Which Areas and Projects Are Eligible?

Investments must be placed in low-income census tracts, defined as census tracts with poverty rates at or above 20% or median incomes at or below 80% of the area median income. Potential projects can be checked against eligible tracts through a mapping system created by the CDFI Fund.

Almost any kind of project based in one of the designated census tracts is eligible, with a few exceptions, as Anderson explained:

  1. Developments primarily focused on rental housing, unless it’s housing within a mixed use space (for example, multifamily units and some form of retail or commercial space)
  2. Most agricultural uses
  3. Certain “sin businesses,” including casinos and liquor stores
  4. Non-tangible assets

A quick way to check for areas that may qualify for the NMTC is to look for opportunity zones and locations designated for inclusionary zoning and density bonuses. These are all indications of low-income areas in need of affordable housing.

How to Apply to the NMTC Program

If you plan to apply as a qualified CDE, and can prove your entity meets the requirements, here’s what you need to do.

Qualify as a CDE

Submit an application to the Treasury Department’s CDFI fund showing you meet the requirements for a CDE. You can find information about the application here.

Attend Workshops and Webinars

The CDFI fund, in addition to answering questions by phone and email, hosts a number of workshops and webinars that guide applicants through the process and address concerns. There are usually two conference calls per application round, and an annually updated list of frequently asked questions.

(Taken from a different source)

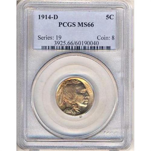 <b>1914-D Buffalo Nickel. PCGS graded MS66.</b> A solid gem in all regards. The satiny surfaces are alight with sizzling luster, the strike is clear-cut, and the eye appeal is nothing short of exceptional due to the light golden toning <b>(PCGS # 3925)</b>
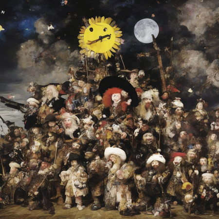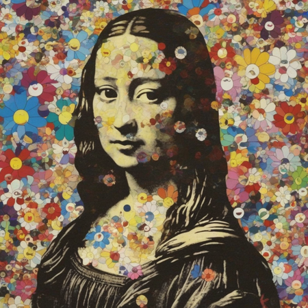 photo collage in TAKASHI MURAKAMI style, Mona Lisa, (Djokonda) // photo collage in TAKASHI MURAKAMI style, The Night Watch (Rembrandt van Rijn)

Look for the notice that the application round has begun. In 2020, the round opened in late September. Applicants had until October 6 to submit their application as a qualified CDE, and until November 16 to submit the full application. Recipients and allocations will be announced in September, 2022.

Injecting Capital and Hope Into Underserved Communities

The NMTC levels the economic playing field of low and higher income communities. It’s a win-win for CDEs, investors and neighborhoods: CDEs or their development partners get to build in the areas they know best, these neighborhoods get much needed businesses through investors’ capital, and the investors get a tax break.